Segment Open

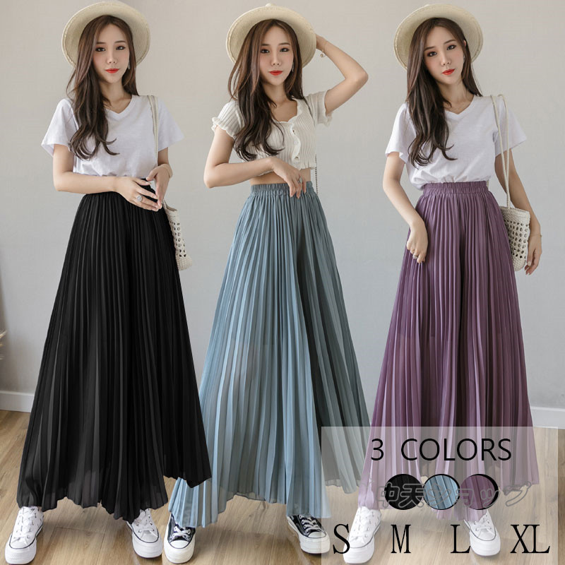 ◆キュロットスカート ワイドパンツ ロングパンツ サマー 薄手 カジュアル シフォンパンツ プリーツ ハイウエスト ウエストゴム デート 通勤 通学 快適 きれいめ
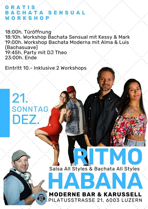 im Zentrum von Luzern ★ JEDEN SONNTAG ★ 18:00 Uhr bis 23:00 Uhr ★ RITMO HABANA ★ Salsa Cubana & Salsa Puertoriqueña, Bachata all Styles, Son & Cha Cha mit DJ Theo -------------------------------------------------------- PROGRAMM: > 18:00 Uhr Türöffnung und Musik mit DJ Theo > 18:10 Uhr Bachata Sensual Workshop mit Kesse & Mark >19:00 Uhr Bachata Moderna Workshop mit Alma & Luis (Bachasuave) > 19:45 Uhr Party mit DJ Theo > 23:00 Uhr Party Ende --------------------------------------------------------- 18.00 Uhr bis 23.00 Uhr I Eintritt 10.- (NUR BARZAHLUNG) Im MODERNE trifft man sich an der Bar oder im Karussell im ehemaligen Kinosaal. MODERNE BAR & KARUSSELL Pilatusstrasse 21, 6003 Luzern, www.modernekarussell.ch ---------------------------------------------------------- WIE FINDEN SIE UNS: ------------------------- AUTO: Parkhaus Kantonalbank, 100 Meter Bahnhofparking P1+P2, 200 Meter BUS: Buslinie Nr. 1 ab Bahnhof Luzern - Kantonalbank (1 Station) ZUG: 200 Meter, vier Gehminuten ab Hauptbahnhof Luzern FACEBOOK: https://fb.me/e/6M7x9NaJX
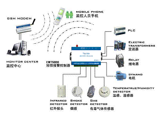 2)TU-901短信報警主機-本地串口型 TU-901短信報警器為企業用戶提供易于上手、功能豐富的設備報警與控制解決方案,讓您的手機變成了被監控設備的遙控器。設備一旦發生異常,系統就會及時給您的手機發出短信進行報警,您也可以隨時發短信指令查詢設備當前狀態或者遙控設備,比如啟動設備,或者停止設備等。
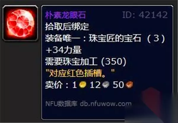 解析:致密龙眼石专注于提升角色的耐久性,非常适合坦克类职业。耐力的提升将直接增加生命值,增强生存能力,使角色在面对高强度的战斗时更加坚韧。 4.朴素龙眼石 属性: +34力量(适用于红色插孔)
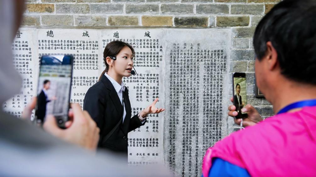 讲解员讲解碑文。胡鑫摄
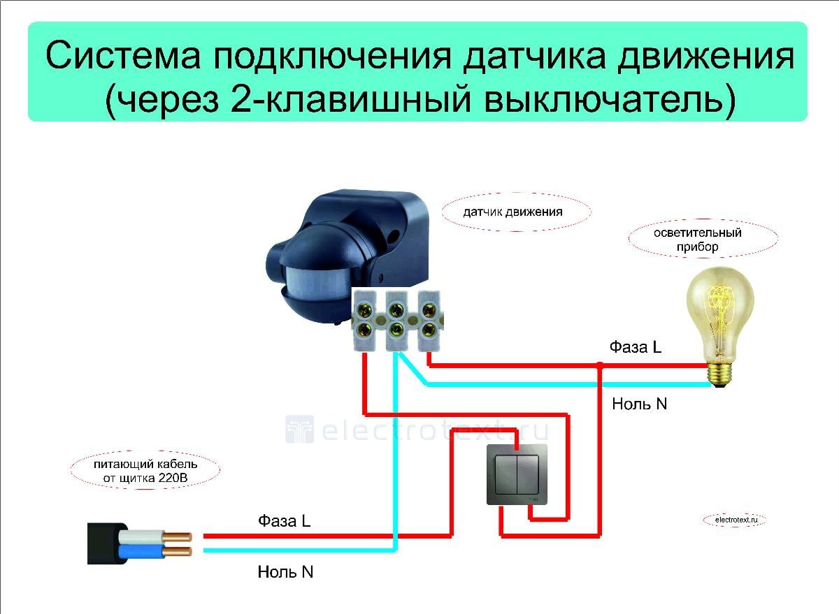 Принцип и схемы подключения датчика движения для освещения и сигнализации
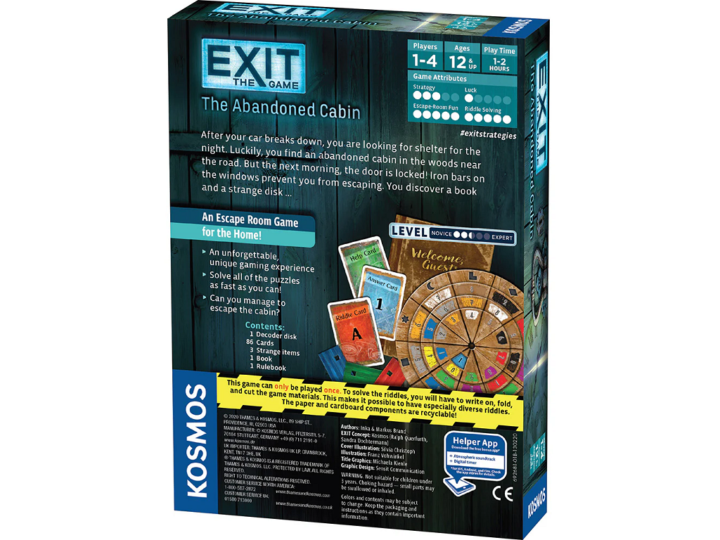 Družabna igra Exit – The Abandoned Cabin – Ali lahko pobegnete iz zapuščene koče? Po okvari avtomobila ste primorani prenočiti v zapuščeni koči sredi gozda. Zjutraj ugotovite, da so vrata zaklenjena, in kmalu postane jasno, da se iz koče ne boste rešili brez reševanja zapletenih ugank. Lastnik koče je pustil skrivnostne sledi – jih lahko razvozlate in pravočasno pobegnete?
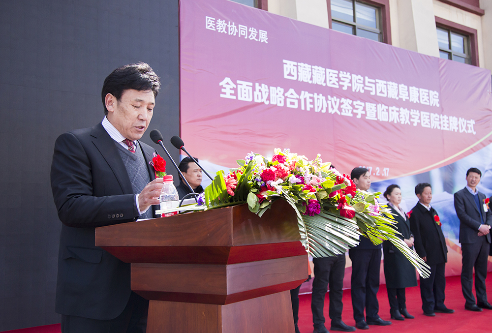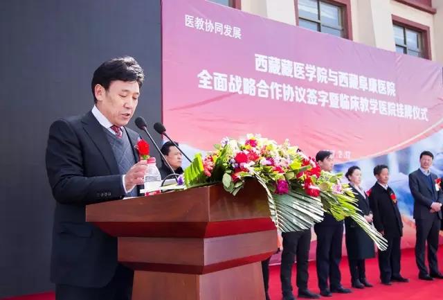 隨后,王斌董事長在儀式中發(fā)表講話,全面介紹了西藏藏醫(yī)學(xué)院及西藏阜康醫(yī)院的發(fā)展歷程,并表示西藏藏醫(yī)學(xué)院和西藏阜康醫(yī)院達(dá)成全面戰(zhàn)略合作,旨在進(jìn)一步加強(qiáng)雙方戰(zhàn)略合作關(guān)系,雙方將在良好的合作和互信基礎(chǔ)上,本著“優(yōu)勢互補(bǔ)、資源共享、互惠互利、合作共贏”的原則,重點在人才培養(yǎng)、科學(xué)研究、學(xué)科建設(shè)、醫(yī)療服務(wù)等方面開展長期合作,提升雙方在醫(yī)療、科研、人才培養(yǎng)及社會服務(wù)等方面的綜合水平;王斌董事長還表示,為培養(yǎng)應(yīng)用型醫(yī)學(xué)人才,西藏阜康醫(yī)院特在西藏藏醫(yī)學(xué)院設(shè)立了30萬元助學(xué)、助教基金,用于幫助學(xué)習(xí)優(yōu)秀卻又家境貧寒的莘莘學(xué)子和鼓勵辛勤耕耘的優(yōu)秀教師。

Segment Closed
Segment Open

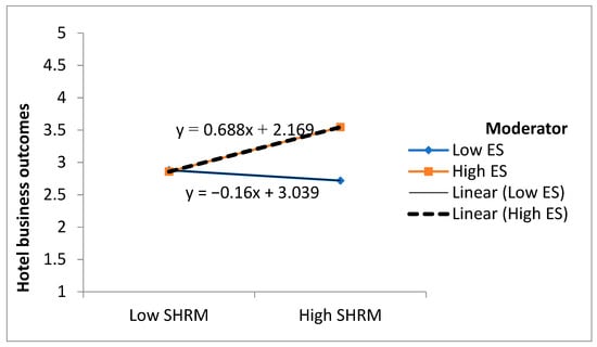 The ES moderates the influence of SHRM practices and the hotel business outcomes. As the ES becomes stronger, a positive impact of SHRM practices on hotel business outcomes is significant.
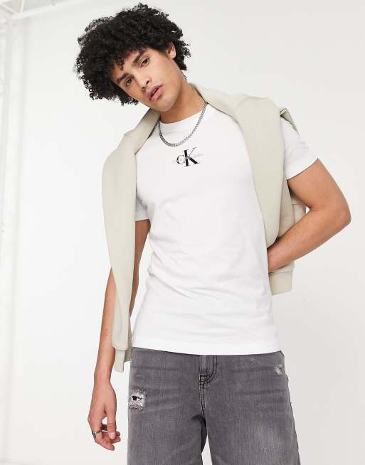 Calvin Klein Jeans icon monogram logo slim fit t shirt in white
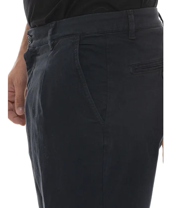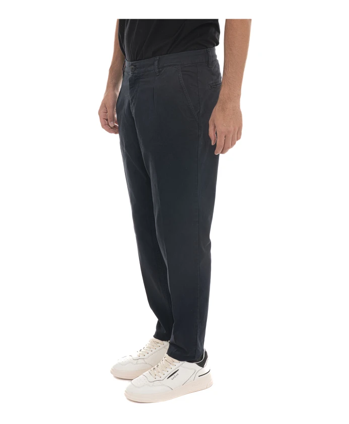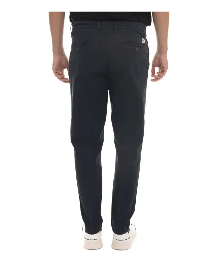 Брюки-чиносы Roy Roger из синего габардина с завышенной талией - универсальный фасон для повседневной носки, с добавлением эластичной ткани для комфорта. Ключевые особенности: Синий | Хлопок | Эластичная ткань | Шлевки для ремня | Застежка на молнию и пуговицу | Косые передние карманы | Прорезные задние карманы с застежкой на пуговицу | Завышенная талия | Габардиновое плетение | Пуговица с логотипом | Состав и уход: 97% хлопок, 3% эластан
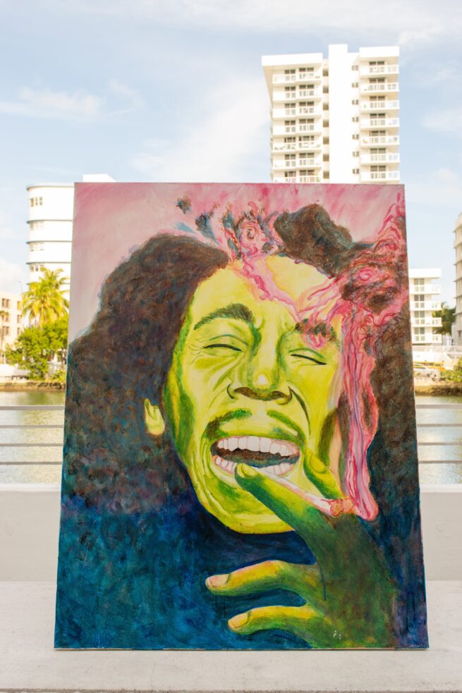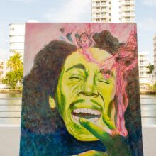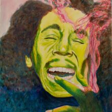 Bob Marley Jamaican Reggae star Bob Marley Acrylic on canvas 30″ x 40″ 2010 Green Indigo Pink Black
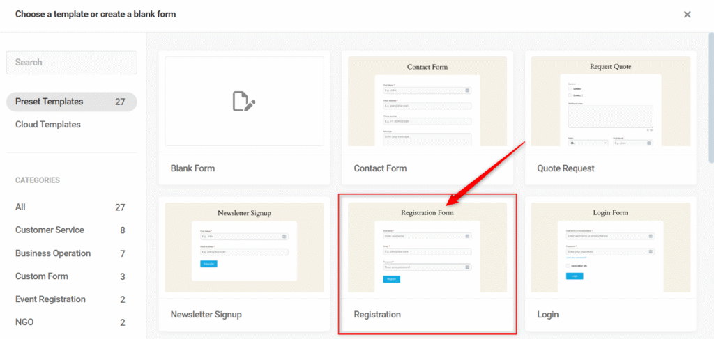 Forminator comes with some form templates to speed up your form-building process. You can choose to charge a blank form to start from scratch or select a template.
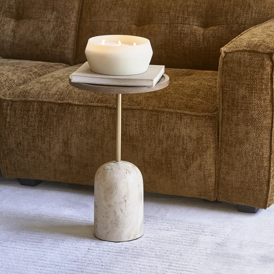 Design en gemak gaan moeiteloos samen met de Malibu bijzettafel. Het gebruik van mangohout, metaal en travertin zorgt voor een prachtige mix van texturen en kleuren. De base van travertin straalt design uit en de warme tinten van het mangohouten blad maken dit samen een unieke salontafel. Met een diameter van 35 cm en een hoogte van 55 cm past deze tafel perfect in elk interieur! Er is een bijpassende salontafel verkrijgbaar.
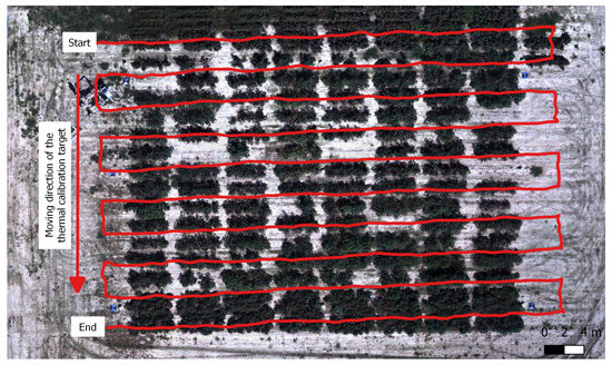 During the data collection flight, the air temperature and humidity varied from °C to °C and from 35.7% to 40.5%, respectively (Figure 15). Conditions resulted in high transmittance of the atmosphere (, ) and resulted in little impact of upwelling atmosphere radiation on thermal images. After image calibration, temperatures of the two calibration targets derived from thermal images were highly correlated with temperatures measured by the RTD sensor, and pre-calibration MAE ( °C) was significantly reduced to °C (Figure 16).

Segment Closed

**Work request:** When you reach the line with "The ES moderates" in the records above, start writing out each line exactly, and stop after the line with "Calvin Klein Jeans". Pictures stay out.

**Written response:**
 The ES moderates the influence of SHRM practices and the hotel business outcomes. As the ES becomes stronger, a positive impact of SHRM practices on hotel business outcomes is significant.
 Calvin Klein Jeans icon monogram logo slim fit t shirt in white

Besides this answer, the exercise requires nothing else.